Late last year, the National Academy of Construction honored the Wyoming State Capitol Project with its 2025 Recognition of Special Achievement Award. As construction manager for this work, JE Dunn was recognized for delivering outstanding innovation and leading an exemplary safety program that educated the nearly 4,000 workers who had a hand in restoring the National Historic Landmark.
Inside its then-newly built capitol, “the People’s House,” Wyoming made history as the first U.S. territory — and later U.S. state — to recognize women’s right to vote. When the state approached construction partners to revitalize the National Historic Landmark, JE Dunn Construction made sure its restoration efforts focused on just that: the people.
Beginning in 2015 — four years before the state’s 150th anniversary of women’s suffrage — JE Dunn acted as the construction manager overseeing restoration of the historic 130,000-square-foot state capitol, renovation of the 360,800-square-foot Hershler Office Building, and modifications to the underground connector gallery that serves as a tunnel for the Capitol Square. The project was complex, requiring the help of nearly 4,000 employees to replace outdated building systems, add critical life-saving infrastructure, and restore historic building finishes and features.
Partnering for safety
Thorough and on-going education for everyone working on site was key to ensuring the complexity of the project didn’t negatively impact the consistency or quality of the final results. To do this, the state government highly encouraged JE Dunn to work with Wyoming OSHA, which at that time primarily focused on oil, gas, and agriculture. This project was JE Dunn’s first opportunity to collaborate with Wyoming OSHA in its history, let alone on a construction project of this scale from start to finish.
“When the project started, many trades weren’t familiar with the safety requirements of a large-scale construction project,” said Cory Willingham, JE Dunn Senior Safety Manager. “That was a challenge right out of the gate, but our influence, our partnership with Wyoming OSHA, and our trade partners’ buy-in really propelled everyone forward.”
To foster a closer, more transparent working relationship with OHSA and help their team members better understand JE Dunn’s safety culture, JE Dunn hosted meetings every Friday with Wyoming OSHA, trade partners, supervisors, and management to present and discuss project activities. The meetings ended with site walks, where JE Dunn, trade partners, and Wyoming OSHA leaders had a chance to look for potential hazards, evaluate progress, and make corrections as needed. The weekly meetings helped foster a deeper relationship, where construction crew members and trade partners felt comfortable calling Wyoming OSHA when questions came up or to consult on different parts of the complex project.
“We got to a point where not only JE Dunn, but also our trade partners saw that we’re all in this together. We’re all working towards the same goal here,” Willingham said.
Partnering for community
In addition to partnering with the state’s OSHA team, the state government prioritized having JE Dunn hire Wyoming-based trade partners and crew members to complete the work where possible.
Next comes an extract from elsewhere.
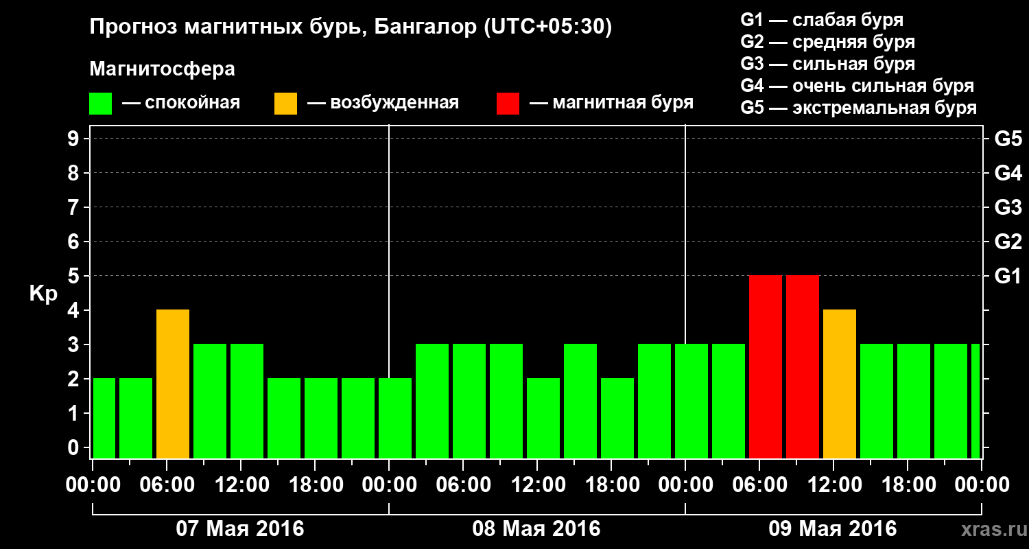 Прогноз магнитных бурь в Бангалоре — 7 мая 2016 года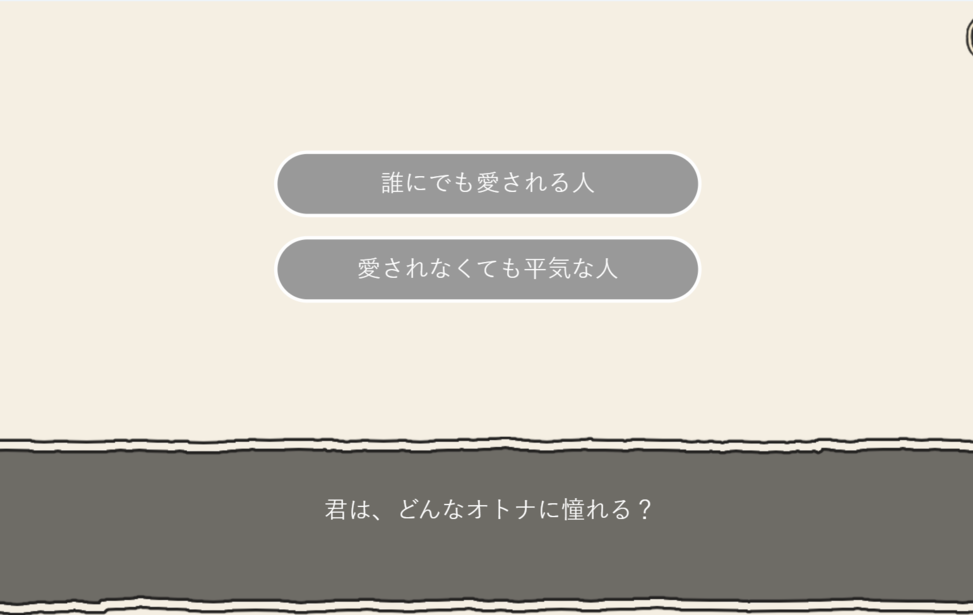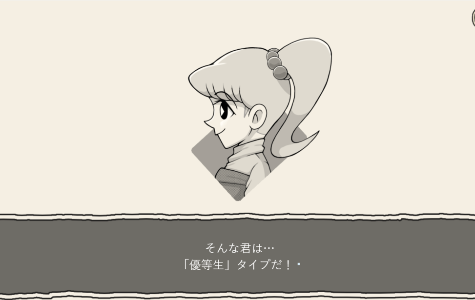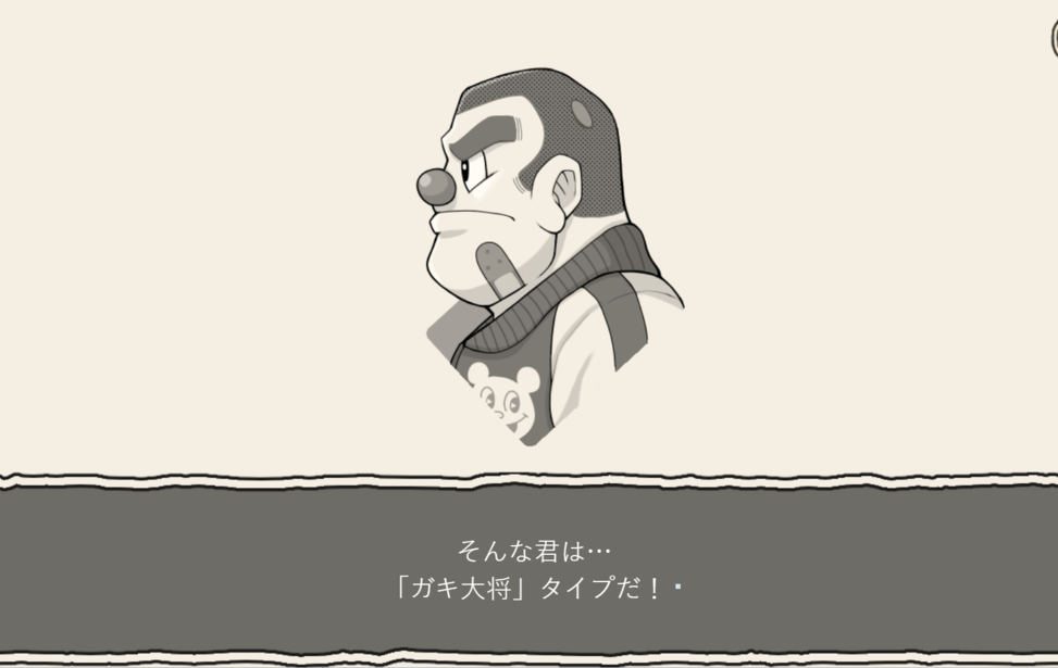 「優しき少年」「優等生」「ガキ大将」「キザな坊ちゃま」のうち、あなたに近い性格が出力されます。

This led to a robust mentorship program that invited people with no previous construction experience to learn the skills, tools, and safety protocols needed to complete quality construction labor. Each new crew member was assigned to work closely with a mentor for roughly 90 days with clear milestones set to track progress and evaluate what they had mastered. New mentees wore green hard hats throughout the project, so more senior crew members could help out, answer questions, or offer feedback as they got their bearings.
Today, the mentorship program has been woven into an ongoing partnership JE Dunn has maintained with Caterpillar Inc. across other projects in the state.
Partnering for history
Throughout construction, JE Dunn also worked closely with capitol staff and the Wyoming State Museum as teams uncovered different finishes and artifacts from years past.
“It was incredible. We found all sorts of stuff. We found a door hidden behind a wall that was in its original state. Some of the flooring had posters on the bottoms of it for operas or musicals that had come to town. We found a calendar from 1928 completely intact. It had fallen behind a bunch of filing cabinets and sat there for almost 100 years,” Willingham said.
The state museum was able to preserve some of the items found during the project in an exhibit. The partnership also helped JE Dunn and trade partners evaluate and confirm which finishes were original, for instance, by scraping back layers of paint from previous renovations to find the original colors used when the structure was first built.
Each of these partnerships had lasting impacts that have extended beyond the Capitol Square Project. To date, the programs and relationships JE Dunn built with Wyoming OSHA during the capitol work have informed or been carried over to other collaborations, like the two newly completed student housing buildings for the University of Wyoming and a new data center in Cheyenne. With a shared vision and mutual commitment to doing the right thing by protecting the lives and legacy that mattered most, JE Dunn and its partners built new pathways to create exciting and safe spaces in the West.